First-line Treatment of Participants With Stage IV Squamous Non-Small Cell Lung Cancer With Necitumumab and Gemcitabine-Cisplatin (SQUIRE)

• Kaplan-Meier Estimate for Progression-free survival (PFS) [ Time Frame: Approximately 31 months ] [ Designated as safety issue: No ]
  PFS is measured from randomization to the first radiographically documented progressive disease (PD) or death. Participants alive and without disease progression or lost to follow-up will be censored to the day of their last radiographic assessment.
• Objective Response Rate(ORR) [ Time Frame: Approximately 31 months ] [ Designated as safety issue: No ]
  Proportion of participants who achieved a best overall response of complete response (CR) or partial response (PR) compared to the total number of participants. Best response is categorized using the Response Evaluation Criteria In Solid Tumors (RECIST) (ver 1.0) guidelines.
• Time to Treatment Failure (TTF) [ Time Frame: Approximately 31 months ] [ Designated as safety issue: No ]
  TTF is defined as the time from the date of randomization until the date of the first radiographic documentation of PD, death due to any cause, discontinuation of treatment for any reason, or initiation of new cancer therapy.
• Summary Listing of Participants Reporting Treatment-Emergent Adverse Events [ Time Frame: Approximately 31 months ] [ Designated as safety issue: Yes ]
  Number of participants with adverse events (AEs) collected from Day 1 [start of IMC-11F8 (necitumumab) in combination with gemcitabine-cisplatin] until 30 days after the last dose of therapy or resolution of study-related AEs. AEs will be summarized by MedRRA System Organ Class and predefined term.
• Change from baseline in Patient Reported Outcomes (PRO) using the European Quality of Life-5 Dimension (EQ-5D) at 31-months [ Time Frame: 31 months ] [ Designated as safety issue: No ]
  Change from baseline to the end of therapy visit approximately 31-months.
• Change from baseline in Patient Reported Outcomes (PRO) using the Outcomes Lung Cancer Symptom Scale (LCSS) at 31-months. [ Time Frame: 31 months ] [ Designated as safety issue: No ]
  Change from baseline to the end of therapy visit approximately 31-months.
• Minimum concentration (Cmin) of IMC-11F8 [ Time Frame: Day 1 of Cycle 1, 2, 3, 4, 5 and 6 prior to 11F8 drug infusion ] [ Designated as safety issue: No ]
• Serum Anti-IMC-11F8 (necitumumab) Antibody Assessment [ Time Frame: 31 months ] [ Designated as safety issue: Yes ]
  Number of participants who showed detectable levels of antibody at any point in the study

The research study is testing the investigational drug necitumumab (IMC-11F8) in the treatment of advanced non-small cell lung cancer. The aim of this study is to determine if necitumumab (IMC-11F8), given together with a standard chemotherapy combination consisting of cisplatin and gemcitabine will be more effective in improving patient disease than the standard chemotherapy combination alone.

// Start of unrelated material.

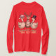 Get ready for some holiday honking with this hilarious long-sleeve t-shirt! Featuring three festive geese dressed up in their best Christmas costumes. One goose is sporting a Santa hat and cool sunglasses, the middle goose is a reindeer complete with antlers and string lights, and the third is a dapper snowman with a top hat and coal buttons. This unique, custom text t-shirt is perfect for family gatherings, office holiday parties, or as a fun, silly gift for the animal lover in your life. A fantastic alternative to the traditional ugly Christmas sweater! Customize the text below the geese to make it truly yours.

Approximately 1080 patients (age ≥ 18 years) with histologically- or cytologically-confirmed, stage iv squamous-cell NSCLC, who have received no prior therapy for metastatic disease, will be randomized on a 1:1 basis to receive first-line necitumumab (IMC-11F8) plus chemotherapy consisting of gemcitabine and cisplatin in study Arm A, or gemcitabine-cisplatin chemotherapy alone in study Arm B. Baseline radiographic assessment of disease will be performed within 21 days prior to randomization (first treatment will be administered within 7 days following randomization). Patients will undergo radiographic assessment of disease status (computed tomography or magnetic resonance imaging) every 6 weeks (± 3 days), until there is radiographic documentation of progressive disease (PD). Chemotherapy will continue for a maximum of six cycles in each arm (or until there is radiographic documentation of PD, toxicity requiring cessation, protocol noncompliance or withdrawal of consent); patients in Arm A only will continue to receive necitumumab (IMC-11F8) until there is radiographic documentation of PD, toxicity requiring cessation, protocol noncompliance, or withdrawal of consent.

After the end-of-study-visit (following PD), follow-up information regarding further anticancer treatment and survival will be collected every 2 months (± 7 days). For patients who discontinue study for reasons other than PD (eg, symptomatic deterioration), information on disease progression will also be collected until PD is documented. Follow-up will continue as long as the patient is alive, or until the end of the trial.

• Biological: necitumumab

  800 mg I.V. infusion on Days 1 and 8 of every 3 week cycle.

  Continues until progressive disease, toxicity, noncompliance, or withdrawal.

  Other Names:

  • IMC-11F8
  • anti-EGFR
  • LY3012211
• Drug: gemcitabine

  1250 mg/m2 on Days 1 and 8 of every 3 week cycle.

  Continues for a maximum of six cycles.

  Other Name: Gemzar®
• Drug: cisplatin

  75 mg/m2 IV on Day 1 of every 3 week cycle.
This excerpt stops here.